Supplied information>
[Start of section]
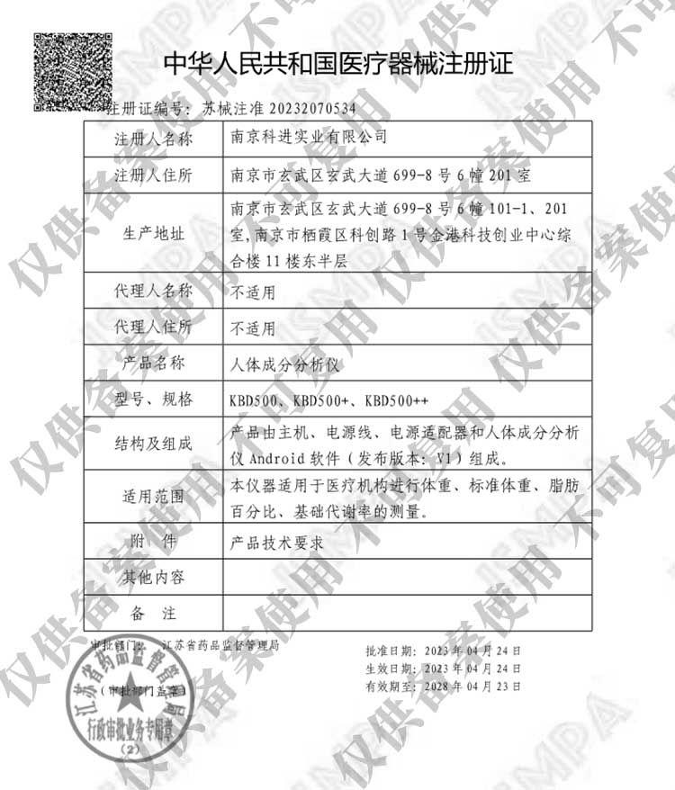 | 補(bǔ)充說(shuō)明 | 人體成分分析儀KBD500++設(shè)備采用Android系統(tǒng),配有觸摸屏,測(cè)試者可根據(jù)智能語(yǔ)音提示自主完成測(cè)量?稍赑C端同步進(jìn)行信息管理。 人體成分分析儀適用科室: 臨床醫(yī)學(xué)、健康管理、康復(fù)科、社區(qū)健康、營(yíng)養(yǎng)科、運(yùn)動(dòng)醫(yī)學(xué) 人體成分分析儀KBD500++功能特點(diǎn): 健康管理 通過(guò)定期測(cè)量和長(zhǎng)周期管理,監(jiān)測(cè)和評(píng)價(jià)人體成分的平衡性,謹(jǐn)防代謝性疾病發(fā)生。 人體成分分析儀KBD500++優(yōu)勢(shì): 測(cè)量快速 使用8點(diǎn)接觸式電極,通過(guò)在手和腳上分離電壓電極和電流電極,減少測(cè)量誤差,**測(cè)量數(shù)據(jù)的準(zhǔn)確性和一致性。 人性化交互 配備7英寸彩色觸摸屏,用戶界面簡(jiǎn)單易用,操作方便快捷;語(yǔ)音提示;檢測(cè)數(shù)據(jù)可視化,可打印紙質(zhì)報(bào)告。 體驗(yàn)舒適 人體工程學(xué)設(shè)計(jì),手柄電極觸感好,底座穩(wěn)固**。 功能豐富 提供9種體型判定,適用于中國(guó)人的營(yíng)養(yǎng)和運(yùn)動(dòng)處方。 |
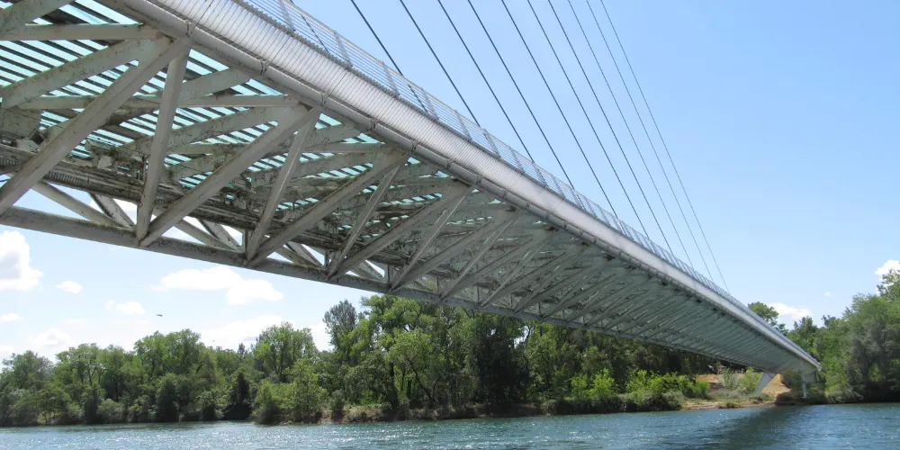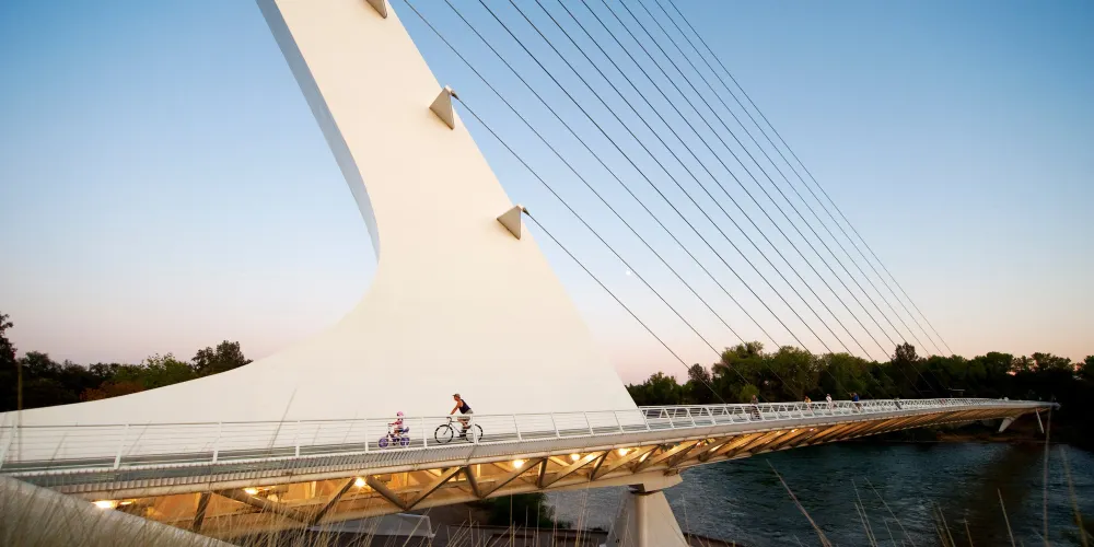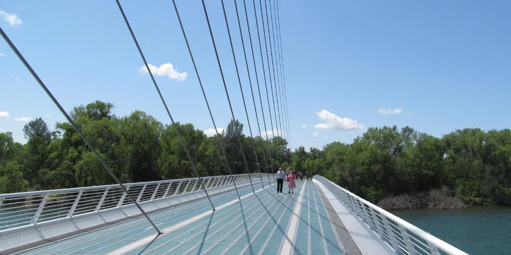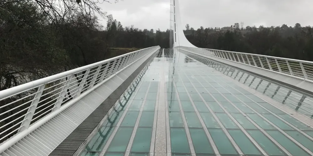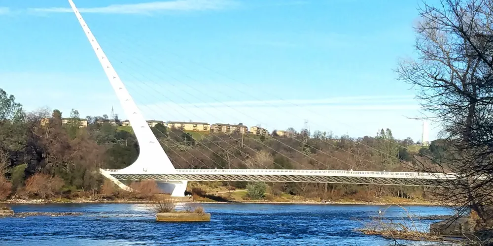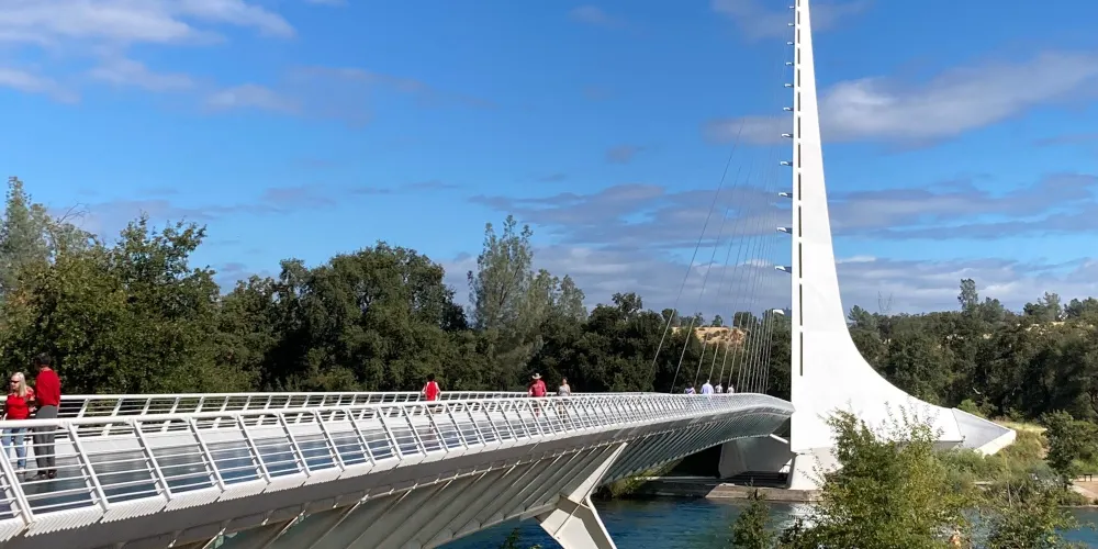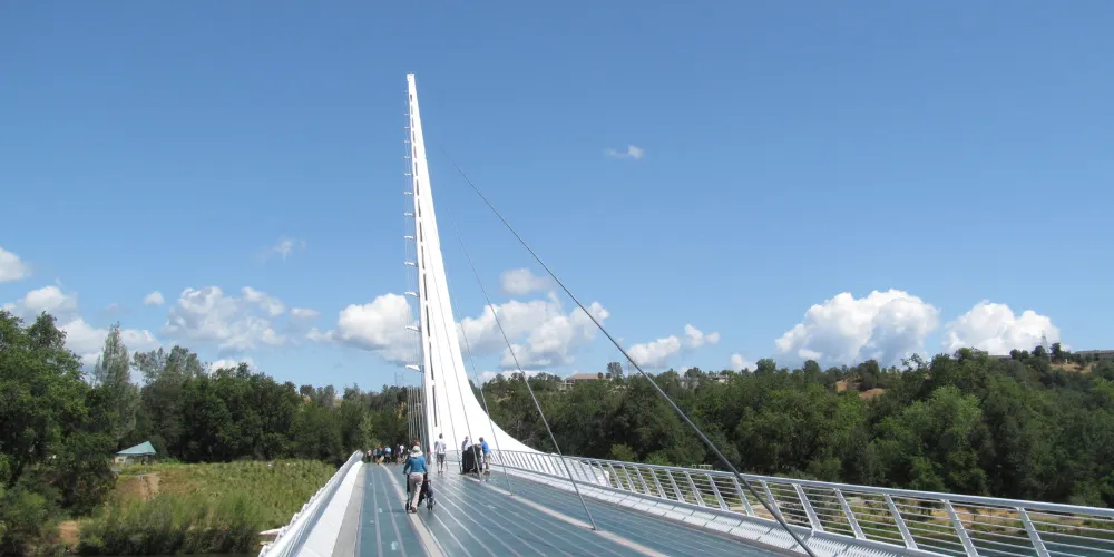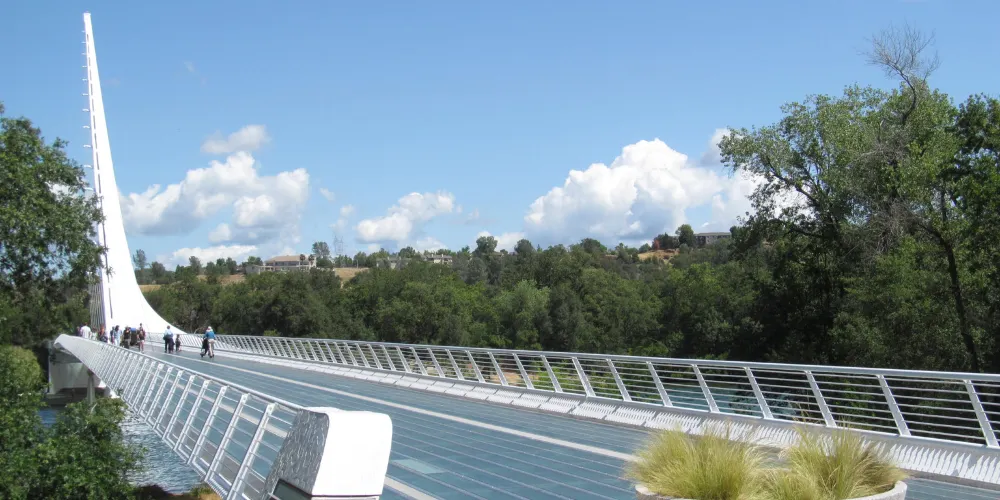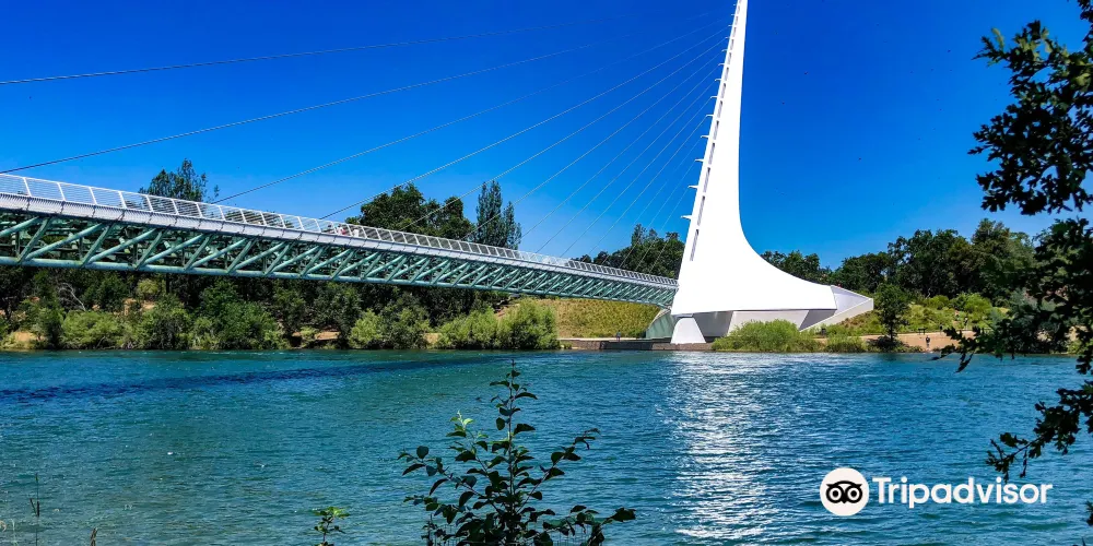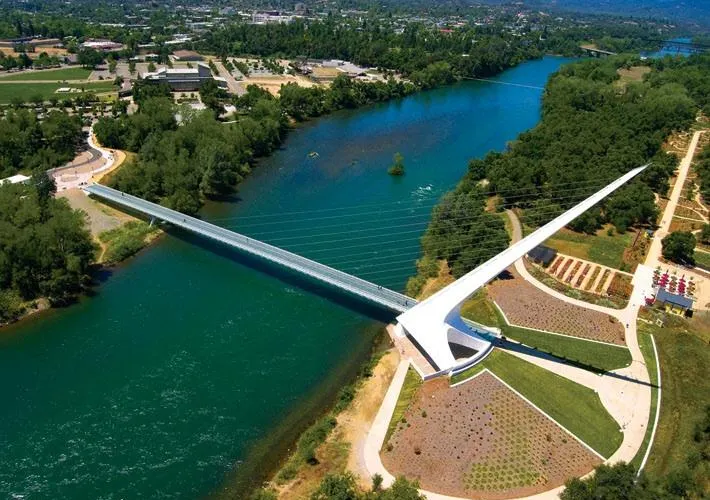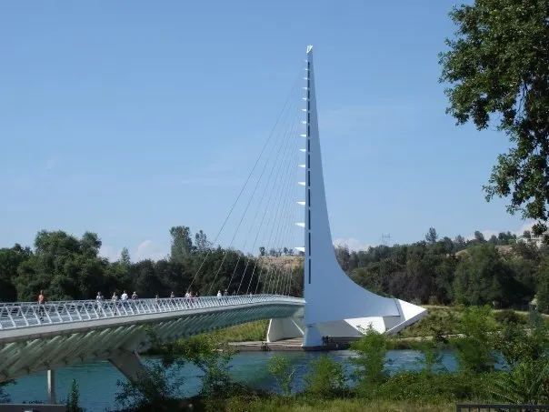日晷橋是Redding的重要地標,不是很大,但很有氣勢,看起來像一架靜置的白色豎琴,與周邊河流的景色交融在一起,構成一幅優美的畫面。
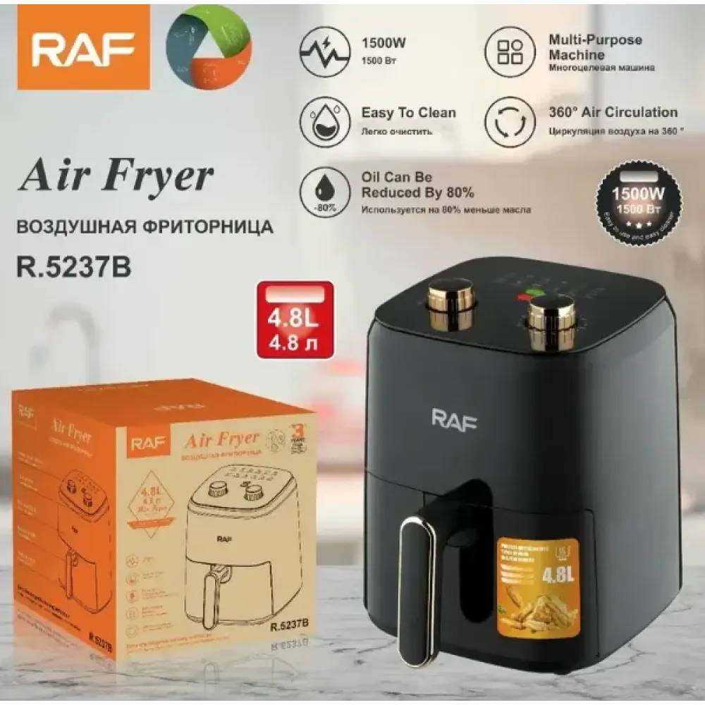 Аэрофритюрница RAF R.5237B Воздушный электрический фритюр для приготовления блюд без масла, 4.8 л
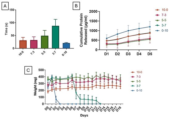 The degradation behavior of the scaffolds was evaluated in the presence of 0.00006% collagenase type 1 (Figure 2B,C). The scaffolds containing higher concentrations of carrageenan (0:10 and 3:7) exhibited rapid degradation, with complete dissolution occurring within 24 and 48 h, respectively. In contrast, scaffolds with higher gelatin content exhibited a slower degradation rate, with gelatin-only scaffolds taking up to 23 days to fully degrade. Interestingly, the degradation process varied depending on the gelatin ratio; the 0:10 scaffold swelled and formed a thick, watery gel, while the 3:7, 5:5, and 7:3 scaffolds disintegrated into smaller pieces, the gelatin-only scaffolds (10:0) maintained their shape, becoming progressively smaller and thinner over time. This differential degradation behavior underscores the gelatin-to-carrageenan ratio’s role in influencing scaffold stability and dissolution. Numerous factors, including porosity, pore size, composition, swelling, and hydrophilicity, influence scaffold degradation rate. Studies have shown that porosity and pore size regulate the degradation rate and the release of degradation products from scaffolds []. However, in our study, we found that, even with similar porosity and pore size, a group with higher concentrations of carrageenan degraded faster than the group with gelatin, which showed that the architecture of the scaffold does not influence the degradation of these scaffolds.
[End of section]
Assigned task> The line containing "Аэрофритюрница RAF R.5237B" marks the end; please output exactly the lines of the listing above from its first line through that line, without pictures.

Completed task>
 | 補(bǔ)充說(shuō)明 | 人體成分分析儀KBD500++設(shè)備采用Android系統(tǒng),配有觸摸屏,測(cè)試者可根據(jù)智能語(yǔ)音提示自主完成測(cè)量?稍赑C端同步進(jìn)行信息管理。 人體成分分析儀適用科室: 臨床醫(yī)學(xué)、健康管理、康復(fù)科、社區(qū)健康、營(yíng)養(yǎng)科、運(yùn)動(dòng)醫(yī)學(xué) 人體成分分析儀KBD500++功能特點(diǎn): 健康管理 通過(guò)定期測(cè)量和長(zhǎng)周期管理,監(jiān)測(cè)和評(píng)價(jià)人體成分的平衡性,謹(jǐn)防代謝性疾病發(fā)生。 人體成分分析儀KBD500++優(yōu)勢(shì): 測(cè)量快速 使用8點(diǎn)接觸式電極,通過(guò)在手和腳上分離電壓電極和電流電極,減少測(cè)量誤差,**測(cè)量數(shù)據(jù)的準(zhǔn)確性和一致性。 人性化交互 配備7英寸彩色觸摸屏,用戶界面簡(jiǎn)單易用,操作方便快捷;語(yǔ)音提示;檢測(cè)數(shù)據(jù)可視化,可打印紙質(zhì)報(bào)告。 體驗(yàn)舒適 人體工程學(xué)設(shè)計(jì),手柄電極觸感好,底座穩(wěn)固**。 功能豐富 提供9種體型判定,適用于中國(guó)人的營(yíng)養(yǎng)和運(yùn)動(dòng)處方。 |
日晷橋是Redding的重要地標,不是很大,但很有氣勢,看起來像一架靜置的白色豎琴,與周邊河流的景色交融在一起,構成一幅優美的畫面。
 Аэрофритюрница RAF R.5237B Воздушный электрический фритюр для приготовления блюд без масла, 4.8 л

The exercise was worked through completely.